La police judiciaire de Grenoble relance un appel à témoins dans l’affaire de la disparition de Malik Boutvillain en 2012.

Le 6 mai 2012 au matin, Malik Boutvillain a subitement disparu. Il a quitté son domicile d’Echirolles, dans l’Isère, sans papier, sans téléphone et sans argent. Sept ans plus tard, cette disparition et ses conditions restent totalement mystérieuses. Disparition volontaire, suicide, piste criminelle? Afin d’éclaircir cette affaire, la police judiciaire de Grenoble relance l’appel à témoins diffusé en 2012.

La piste Lelandais écartée?

Au moment de sa disparition, le jeune homme, aux cheveux châtains courts, était âgé de 31 ans. Cet homme, décrit comme fragile psychologiquement, était intégré socialement. C’est sa mère, inquiète de ne pas réussir à le joindre, qui avait donné l’alerte. “Il avait préparé ses papiers pour aller voter, c’était la veille de l’élection de François Hollande, il est sorti faire un jogging avec ses clés dans la poche, ça n’a rien d’une disparition volontaire”, tranche Me Bernard Boulloud, l’avocat de la famille de Malik Boutvillain, qui demandait depuis plusieurs mois cet appel à témoins.

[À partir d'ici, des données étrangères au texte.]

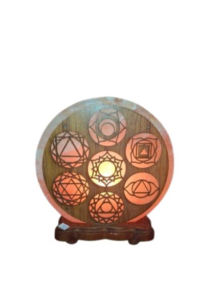 Eleva la energía de tu hogar con la lámpara de sal rosa del Himalaya de 20 cm. Su forma circular y base de madera natural aportan elegancia y calidez, mientras que el detalle decorativo con los Siete Chacras ayuda a equilibrar y armonizar la energía del cuerpo y del espacio, fomentando bienestar físico, mental y espiritual.
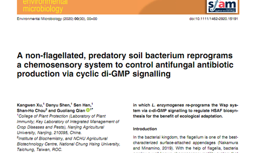 据悉,钱国良教授研究组长期从事生防溶杆菌的基础与应用研究,先后主持国家自然科学基金4项,近5年在Nucleic Acids Research, PLoS Pathogens, Environmental Microbiology, Molecular Microbiology等期刊上发表SCI论文12篇。钱国良教授先后入选江苏省杰出青年基金获得者(2019年);中国植物病理学会的青年植物病理学家(2019年)和南京农业大学“钟山学者”(2019年)。
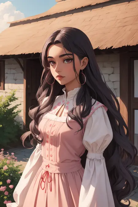 풍부한 벨벳으로 만든 화려한 드레스, 단단히 맞는 상의, 높은 허리선, 실크로 층을 이룬 넓은 치마, Maven, 평균 키, 건강한 체형, 다이아몬드형 얼굴, 밝은 피부, 연한 갈색 머리카락, 티얼색 눈, [[곡선형 코]], 두꺼운 입술, 두드러진 턱, 어깨 길이의 머리카락, 곧은 머리카락, 정식 언더 합스, 작은 가슴, 귀걸이, 오렌지색 실크 립스틱, 정돈된 정원과 고요한 해자로 둘러싸인 웅장한 중세 저택female_in_armor 예시 프롬프트:
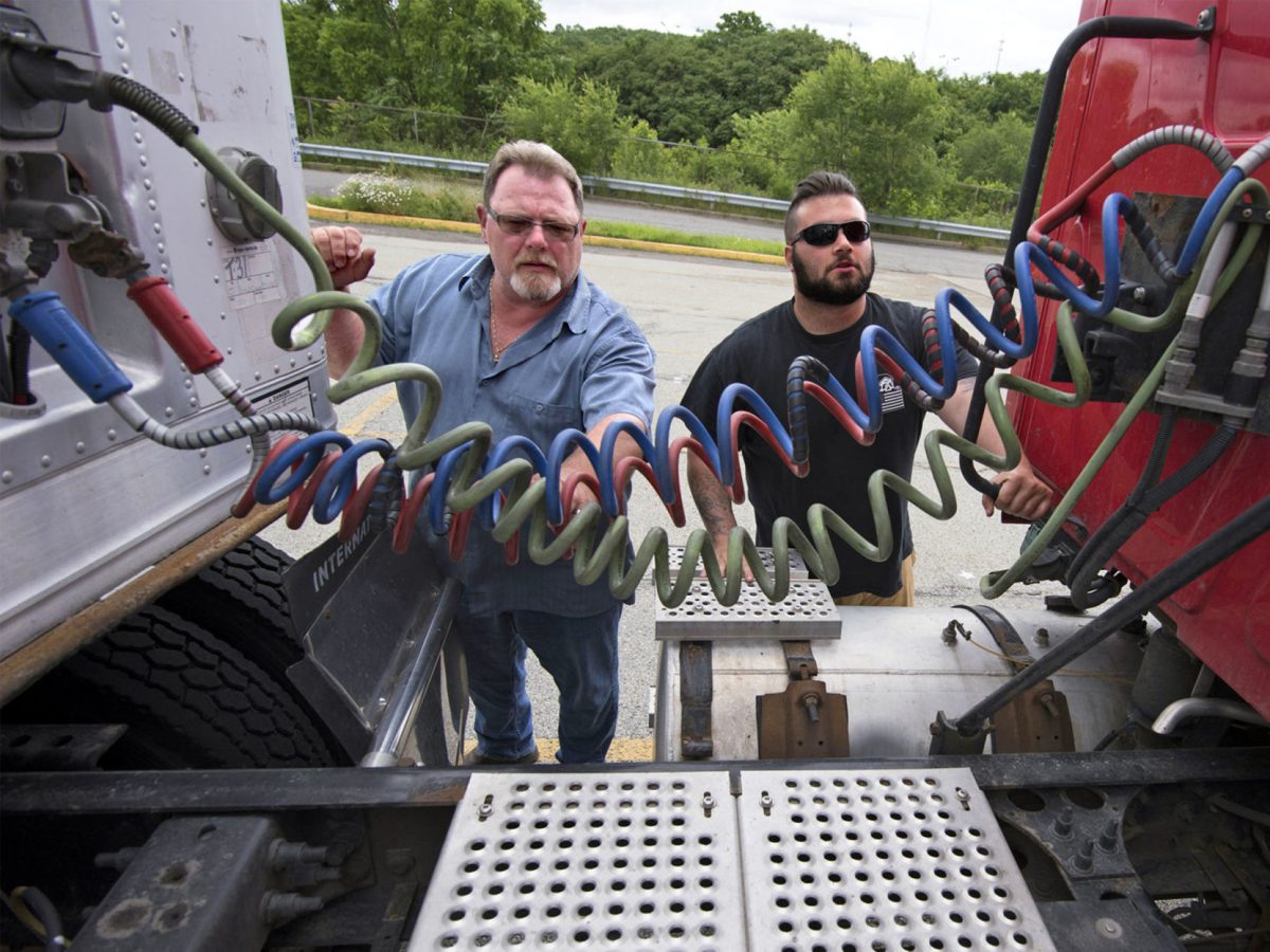 Benjamin Crawford, left, a commercial driver’s license instructor at Penn Commercial in Washington, checks a truck with student Chris Schultz.
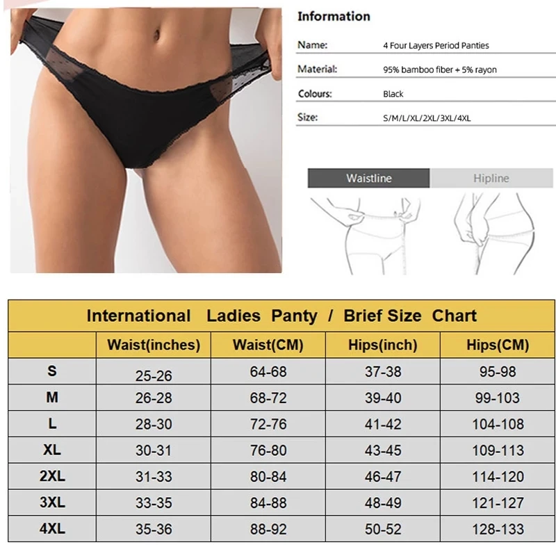 Менструальное нижнее белье, четырёхслойные непротекаемые впитывающи...

Le nom de Malik Boutvillain est revenu sur le devant de l’actualité il y a un peu plus d’un an avec l’affaire Nordahl Lelandais. Le dossier de cette disparition a été examiné par la cellule Ariane, constituée pour étudier le passé du le meurtrier présumé de Maëlys et Arthur Noyer. Une quarantaine de dossiers reste actuellement entre les mains des gendarmes qui composent cette cellule, estimant que la piste Lelandais pouvait être envisagée.

Information judiciaire

La famille de Malik Boutvillain s’était agacée de ne pas être informé si le dossier de leur fils et frère faisait partie de cette quarantaine d’affaires. Selon nos informations, à ce stade, il n’y a pas de lien avéré entre la disparition de Malik Boutvillain et Nordahl Lelandais.

Une information judiciaire pour “pour arrestation, enlèvement, séquestration ou détention arbitraire”, avec la nomination d’un juge d’instruction, a été ouverte au début de l’année 2018 pour procéder à de nouvelles investigations qui n’avaient pas été réalisées à l’époque de la disparition du trentenaire. C’est dans ce cadre que l’appel à témoins a été relancée. 

“Nous avons une chance sur 10.000 que quelqu’un ait sa conscience qui se libère, estime Me Boulloud. C’est peu, mais il fallait le faire. Ne pas le faire, c’est se priver peut-être d’un témoignage. Au bout de 7 ans, ça va être difficile, on a laissé périr les seuls indices qui existaient à l’époque.” A la demande de la famille de Malik Boutvillain, Me Berbard Boulloud va demander le dessaisissement de la police nationale pour que l’affaire soit transférer à la gendarmerie.